Biographical details
- Born: February 9, 1881 Russell County, Alabama, U.S.
- Died: June 3, 1958 (aged 77) Troup County, Georgia, U.S.

Playing career
- 1898–1900: Auburn
- Position(s): Tackle

Coaching career (HC unless noted)
- 1901: Alabama
- 1902: Auburn (assistant)
- 1902: Auburn
- 1903–1904: Ole Miss

Head coaching record
- Overall: 8–7–3

= M. S. Harvey =

American college football player and coach (1881–1958)
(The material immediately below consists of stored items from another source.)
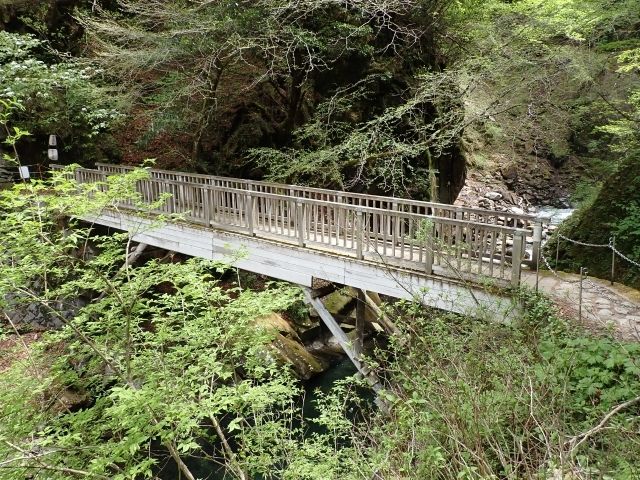 左岸側(下流を向いて左側)ではかなり水に近いところを歩きます。道が狭くすれ違いが難しい場所や、濡れて滑りやすくなっている箇所もありますので、歩きやすい登山靴やトレッキングシューズが必要です。
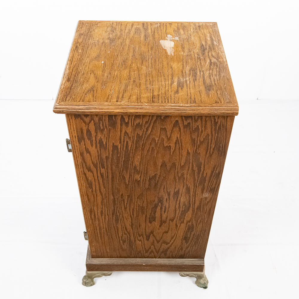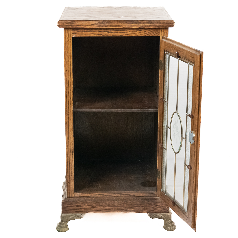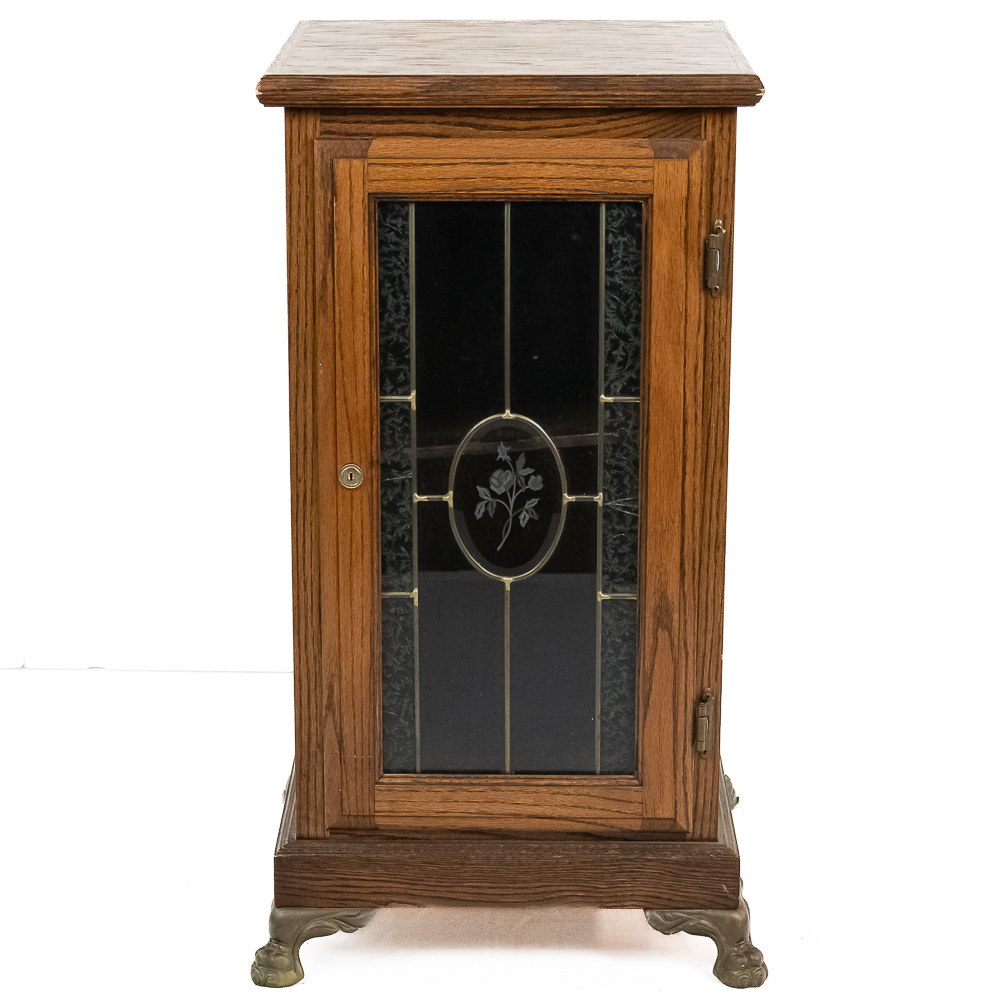 Contemporary made oak slot machine stand with a leaded glass front door. The lock on the door has no key but is currently unlocked. Has metal paw feet. In good condition. Measures 17″ X 17″ X 33″T.
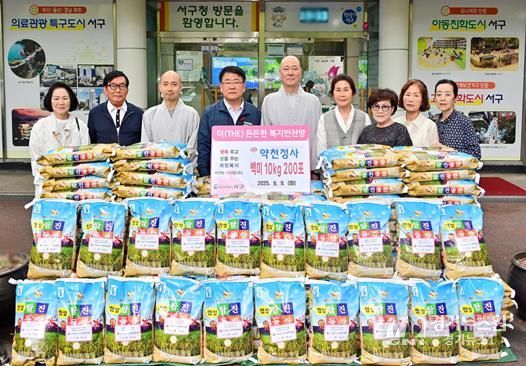 공한수 서구청장은 “매년 변함없이 나눔을 실천해 주시는 약천정사에 깊이 감사드린다”며 “기탁된 쌀은 꼭 필요한 곳에 소중히 전달하겠다”고 밝혔다.
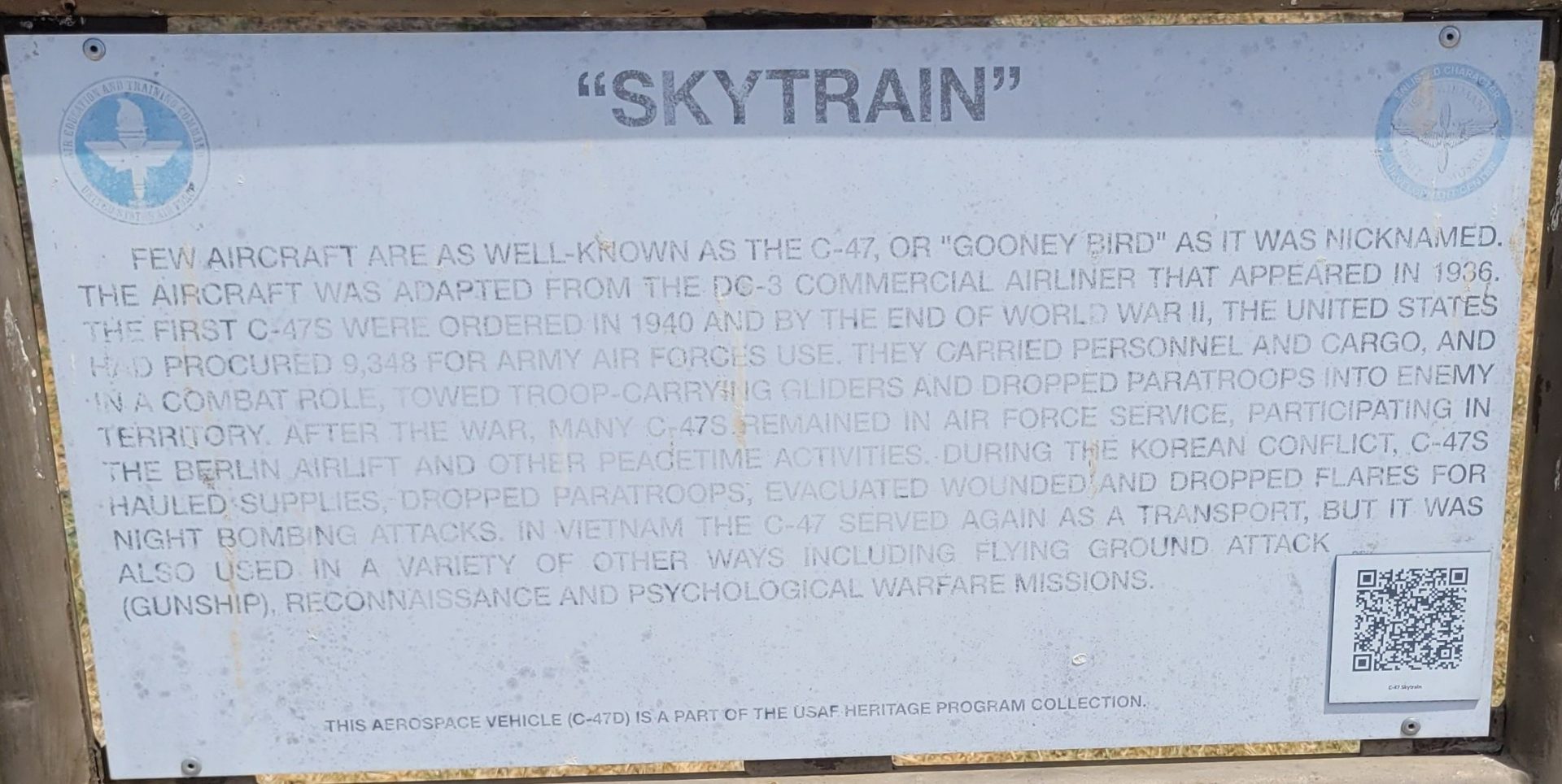 “SKYTRAIN” C-47D MEMORIAL AIRCRAFT PLAQUE
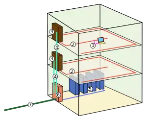 El sistema de cableado vertical proporciona interconexiones entre cuartos de entrada y servicios del edificio, cuartos de equipos y cuartos de telecomunicaciones. El cableado del backbone incluye la conexión vertical (Las canalizaciones Backbone pueden ser verticales u horizontales) entre pisos en edificios de varios pisos. El cableado del backbone incluye medios de transmisión (cables), puntos principales e intermedios de conexión cruzada y terminaciones mecánicas. El cableado vertical realiza la interconexión entre los diferentes gabinetes de telecomunicaciones y entre estos y la sala de equipamiento. En este componente del sistema de cableado ya no resulta económico mantener la estructura general utilizada en el cableado horizontal, sino que es conveniente realizar instalaciones independientes para la telefonía y datos. Esto se ve reforzado por el hecho de que, si fuera necesario sustituir el backbone, ello se realiza con un coste relativamente bajo, y causando muy pocas molestias a los ocupantes del edificio. El backbone telefónico se realiza habitualmente con cable telefónico multipar. Para definir el backbone de datos es necesario tener en cuenta cuál será la disposición física del equipamiento. Normalmente, el tendido físico del backbone se realiza en forma de estrella, es decir, se interconectan los gabinetes con uno que se define como centro de la estrella, en donde se ubica el equipamiento electrónico más complejo.
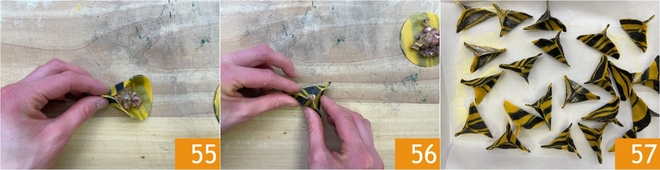 Dobre a massa 55 de forma a fazer coincidir a borda em 3 pontos, como formando uma hélice 56. Coloque os raviolis em uma bandeja forrada com papel vegetal 57.
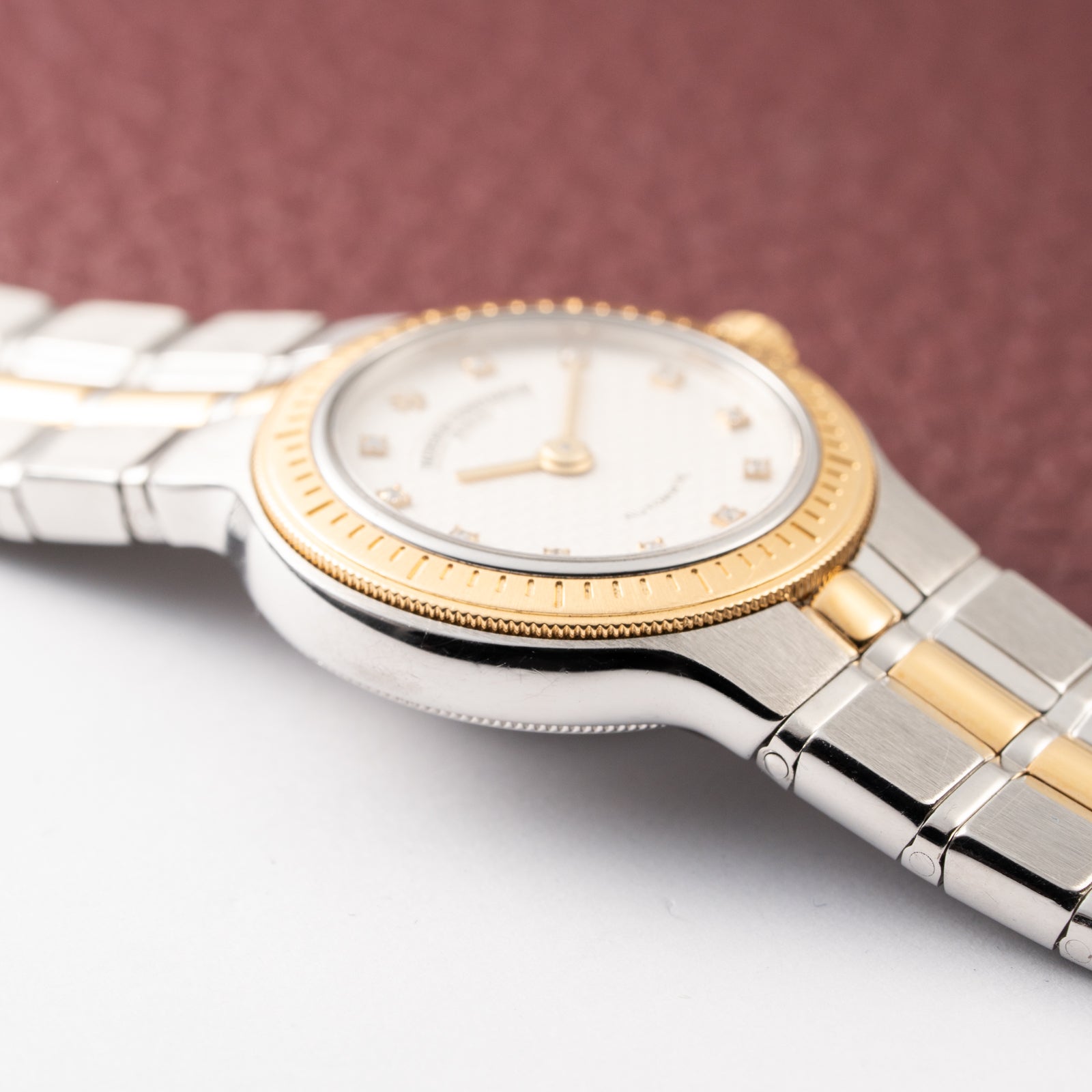 The 24mm case, crafted in a mix of stainless steel and yellow gold, exemplifies 1990s refinement. Measuring modestly, it wears comfortably and with quiet sophistication, ideal for collectors who appreciate proportionate vintage design. The sapphire crystal ensures modern durability while maintaining transparency and brilliance.
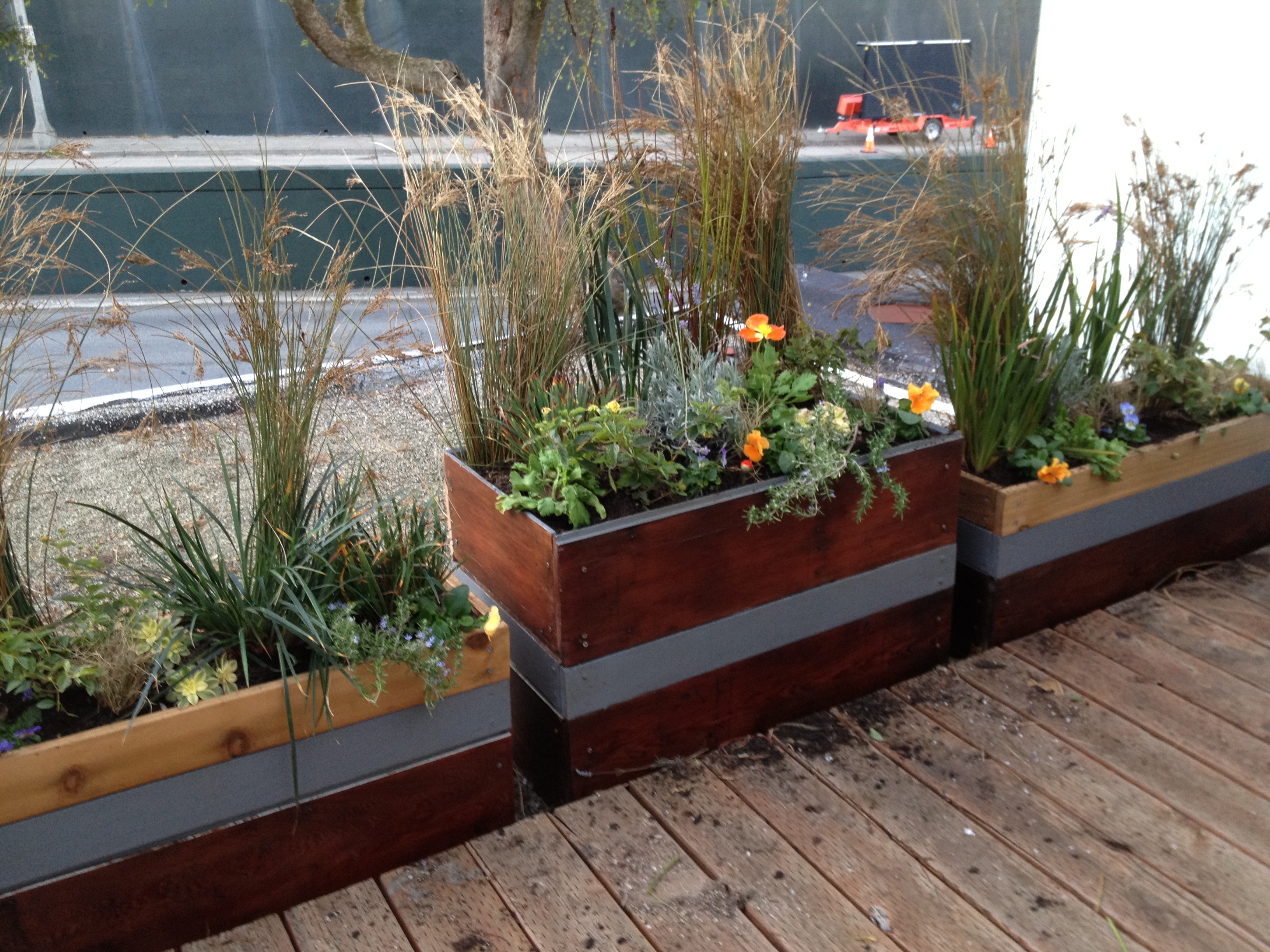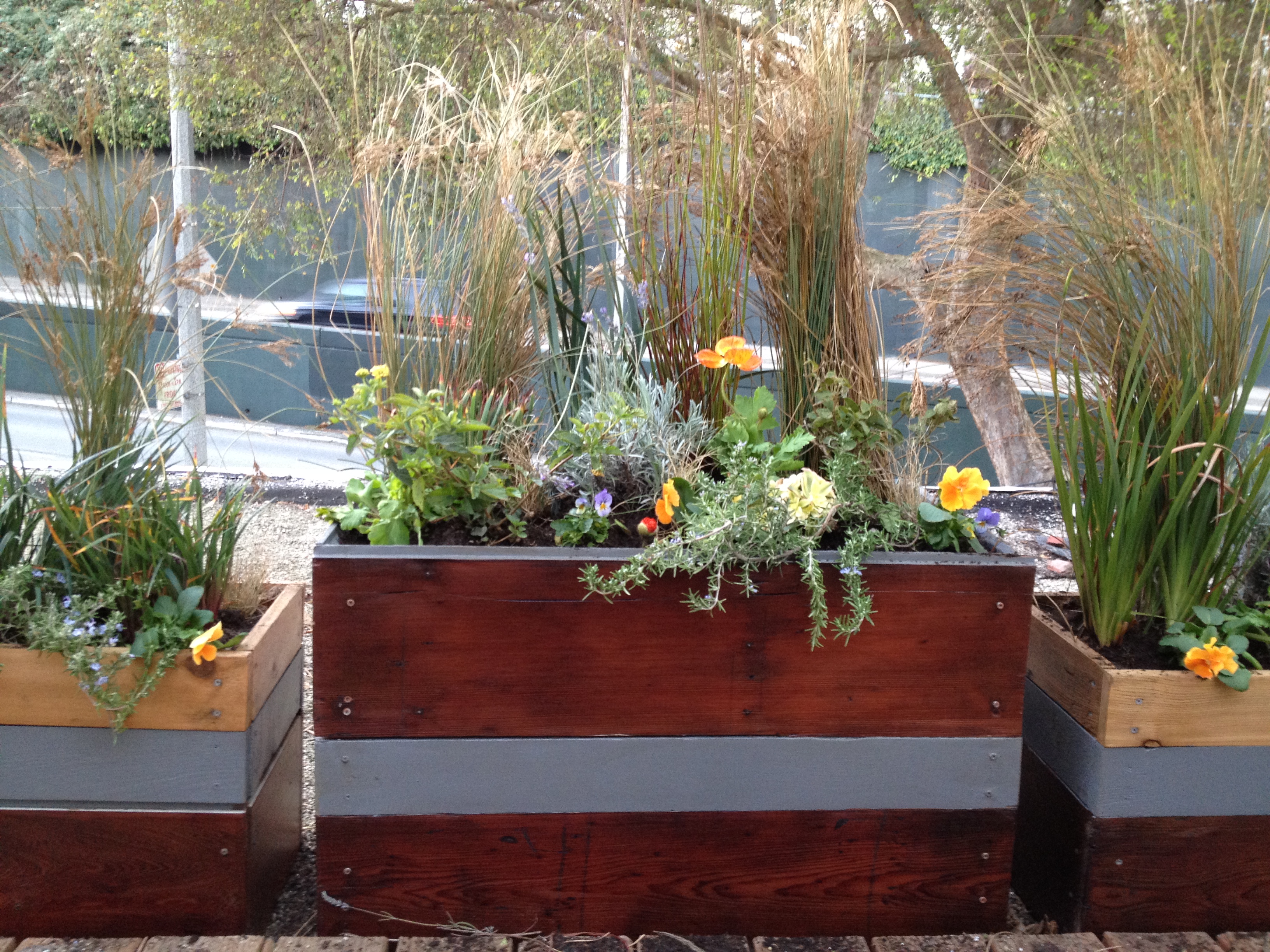 Holding the entire Bolinas-themed garden together are planter boxes made by Small Spot Gardens from reclaimed redwood and cedar from Building Resources, a non-profit organization located in Bayview that’s dedicated to reusing materials in the built environment.

Michael Smith Harvey (February 9, 1881 – June 3, 1958) was an American college football player and coach. From 1898 to 1900, Harvey played tackle at Auburn. His older brother and younger brother also played for Auburn. In 1915, coach John Heisman selected him one of the 30 greatest Southern football players.

In 1898, Auburn beat Georgia 18 to 17, and Harvey's tackling stood out. In 1900, Auburn defeated Georgia 44 to 0. One account reads "The reason Georgia was defeated so badly by Auburn was due to the fact that Georgia had not only Auburn team to play against but Harvey as well."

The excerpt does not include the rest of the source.